There are some limitations in this study. The three-day dietary recall data may underestimate the dietary intake, even though we gave all the patients and their caregivers sufficient education. Moreover, the study was conducted in a single center, which might have some limitations in terms of generalizability. Third, some potential confounding factors which may affect the outcomes could not be completely excluded. Similar to previous studies, all estimates in our study were obtained assuming the missing mechanism was missing at random (MAR). Additionally, excluding patients who survived for less than 2 years might lead to selection bias. However, this analysis provided some clues on how to achieve better outcomes for patients who are expected to survive at least 2 years. Our study had several strengths. The longitudinal study with a large cohort provided more scientific evidence on the DPI recommendation in the PD population. Furthermore, time-varying daily protein intake instead of a single evaluation of DPI at the baseline would be more valuable and convincing in the prediction of patients’ survival. Meanwhile, we set the baseline time as the 6^th month after the start of PD and eliminated many unstable patients in the first 6 months of PD, which may minimize the impact of some confounding factors.

Conclusions

Our study revealed that DPI ≥ 0.8g/kg/day was beneficial to the long-term outcome for PD population based on the results of nitrogen balance and survival analysis. Meanwhile, we found that there was a longitudinal association between time-dependent DPI and survival in PD patients, patients with 'consistently low DPI' (0.61–0.79g/kg/d) had the highest mortality.

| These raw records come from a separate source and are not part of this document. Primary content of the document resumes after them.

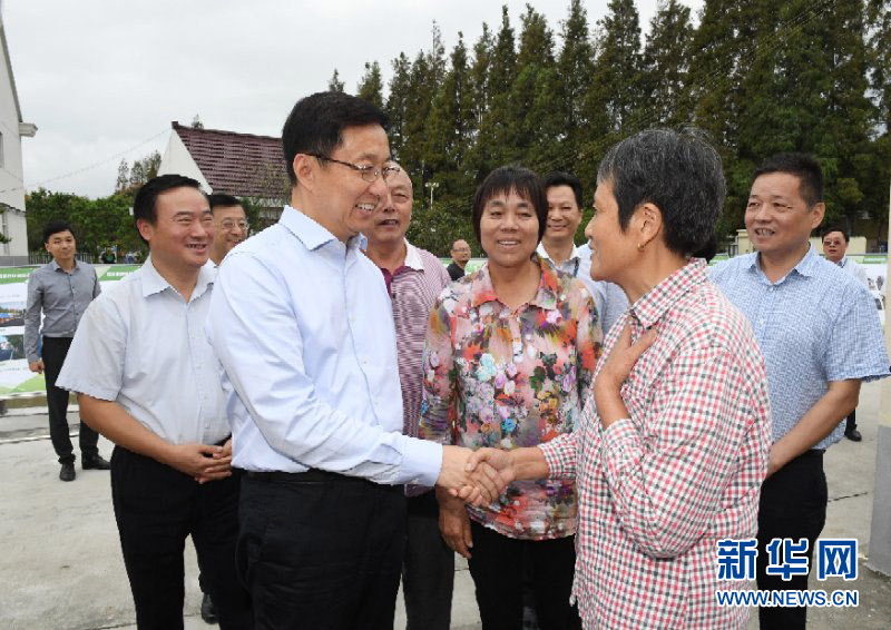 9月27日,韓正來(lái)到浦東合慶鎮(zhèn)勤奮村了解“五違”整治最新進(jìn)展,與村民黃月琴老媽媽交流。
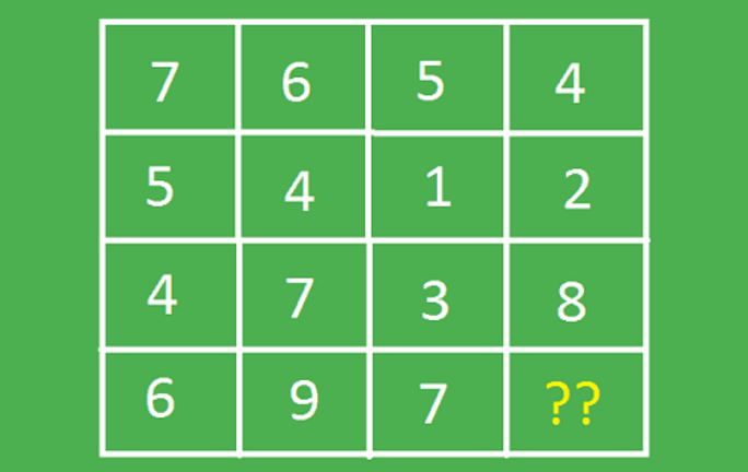 Câu đố Toán học này cho trước các chữ số từ 1- 9 xắp xếp không theo thứ tự trong mỗi ô vuông và yêu cầu bạn hãy tìm ra chữ số ẩn sau dấu hỏi chấm trong 10 giây. Đây sẽ là câu đố khó và hóc búa, nếu là những người thông minh chắc chắn bạn sẽ tìm được ra đáp án chỉ trong vòng 10 giây.
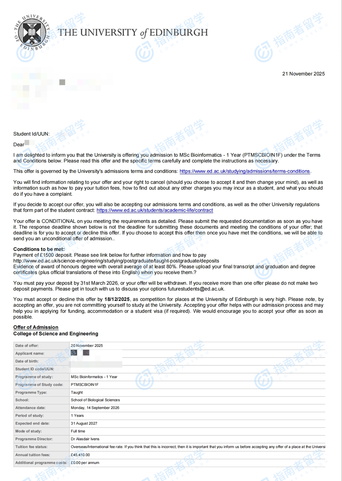 爱丁堡大学生物信息学理学硕士研究生offer一枚
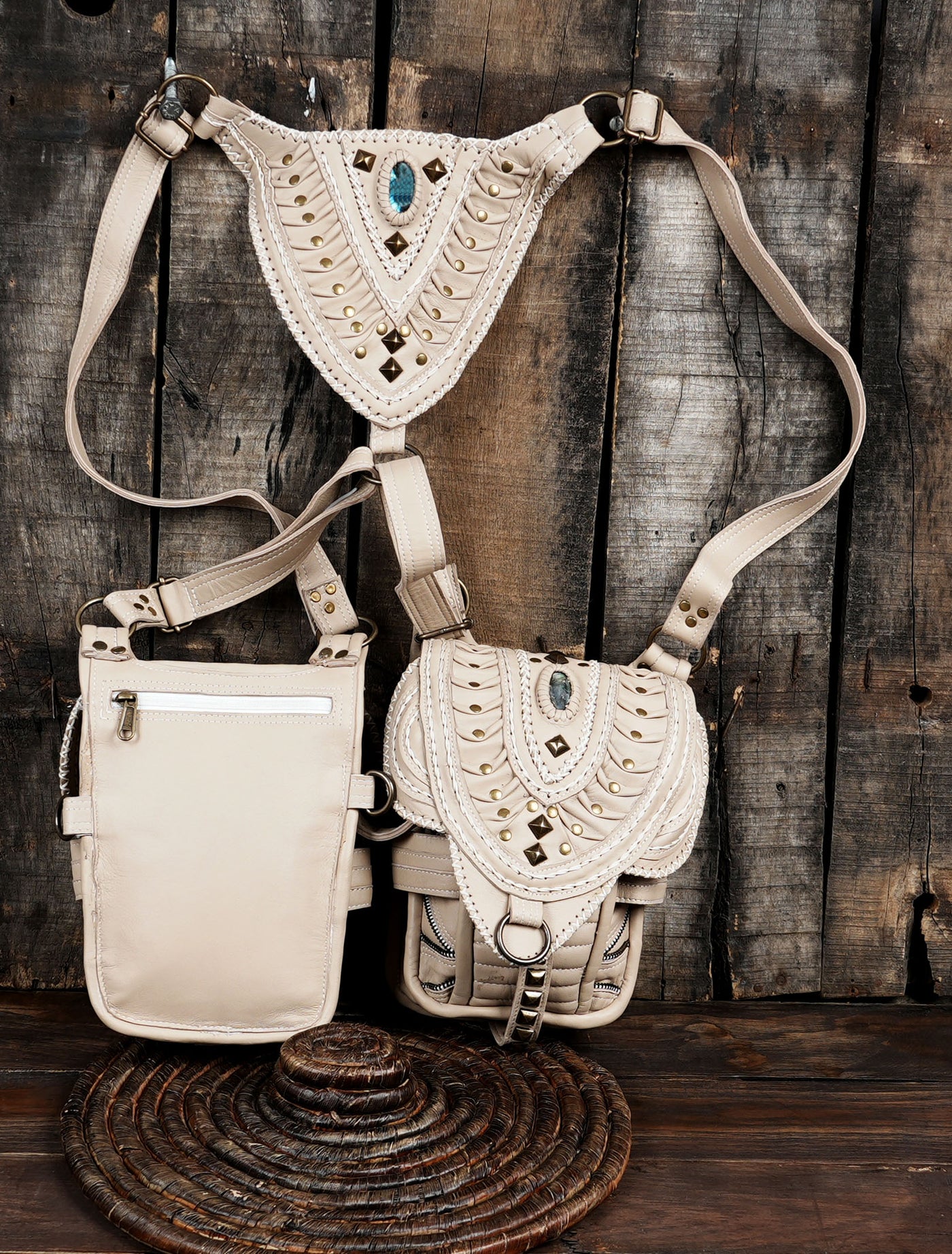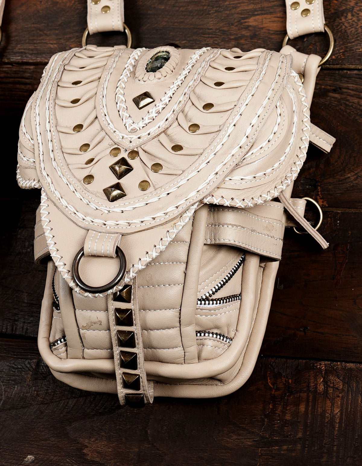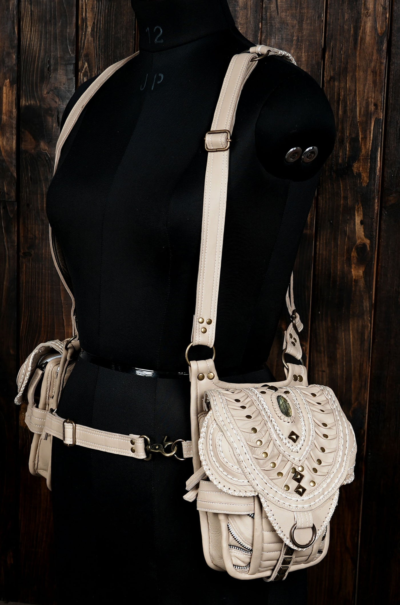 Handmade Genuine Leather Holster with Adjustable Straps || Steampunk Style Leather Holster (LT-AB-HLS-6003) - Extra Care Off-White / Free Size / Antic Brass
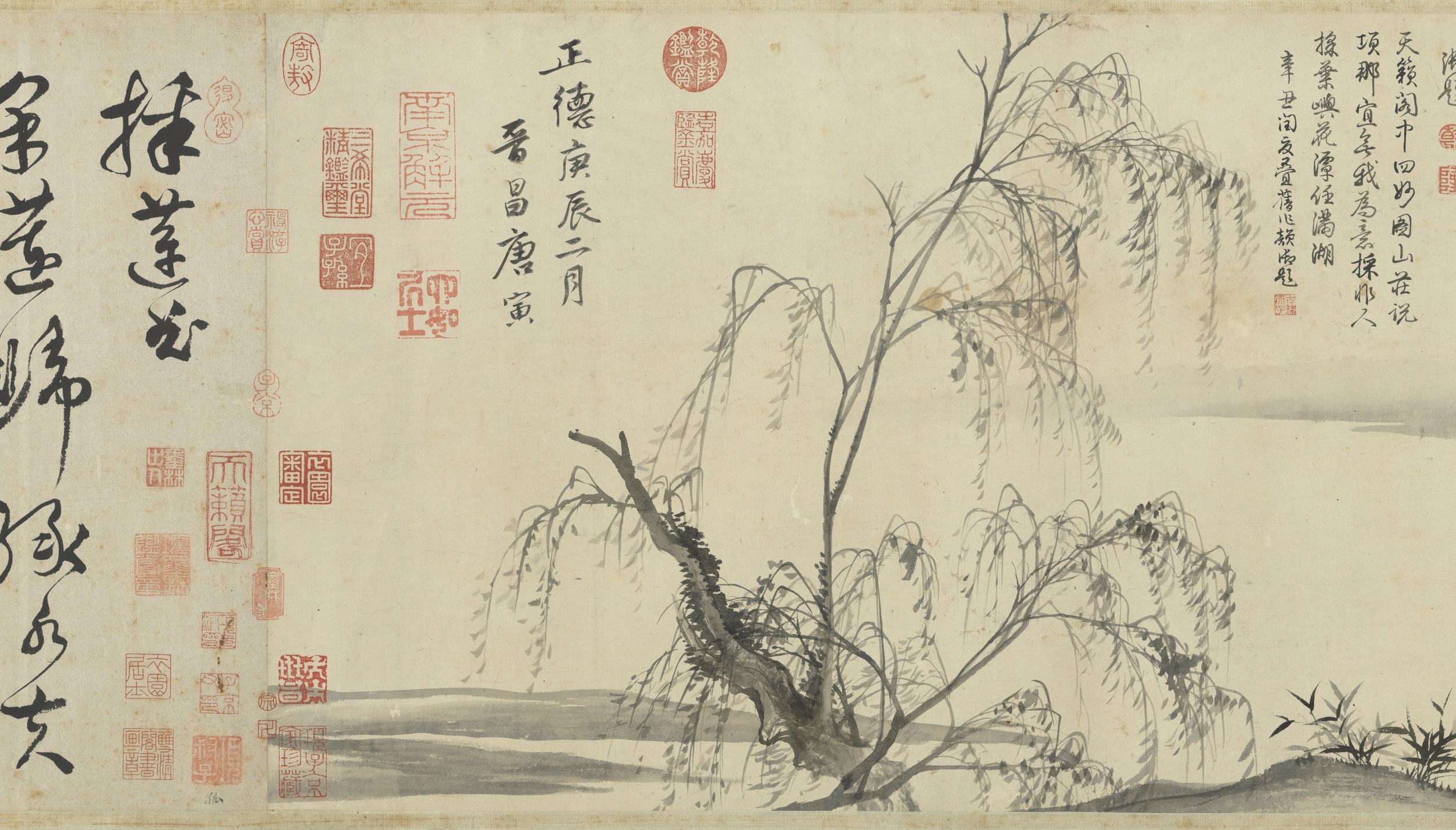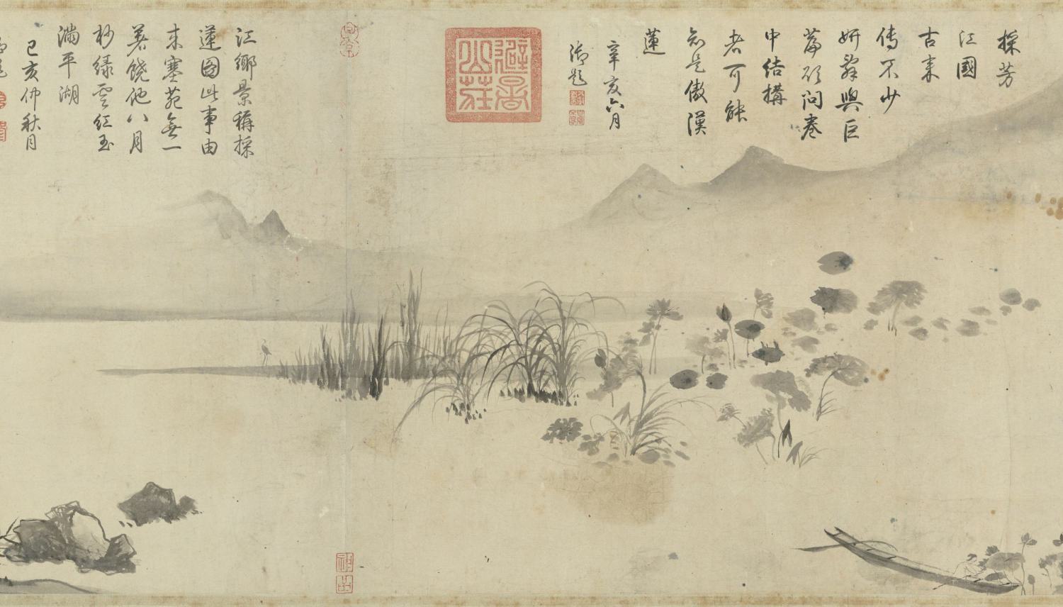 采莲图卷. 明. 唐寅. 绘. 纸本墨笔 (35x520.7 厘米). 明正德十五年

Ethics approval and consent to participate

The study was approved by the Medical Ethical Committee of Peking University Third Hospital (IRB2021-516-02). Informed consent was waived because of the retrospective design of this study.

Consent for publication

Not applicable.

Author contributions

Shu-Hong Bi, Chunyan Su and Baohua Li designed the study. Shu-Hong Bi and Xiaoxiao Wang took responsibility for the content of the manuscript, including the data and analysis. Chunyan Su, Wen Tang, and Tao Wang helped to review and revise the manuscript. All of the authors have approved the submitted version.

Acknowledgements

The authors would like to express their appreciation to the patients and staff of PD center in Peking University Third Hospital for their participation in the study.

Disclosure statement

No potential conflict of interest was reported by the author(s).

Data availability statement

Data are not available due to the property rights of the healthcare center that has collected these data. Chunyan Su could be contacted if someone wants to request the data.

Additional information

Funding

The present work was financially supported by the Beijing Health Technologies Promotion Program (BHTP P202058), the Health Human Resources Development Center of National Health Commission (2019-HLYJ-018), the PKU Baidu fund (2020BD030), and Key Clinical Projects of Peking University Third Hospital (No. BYSYZD2019039).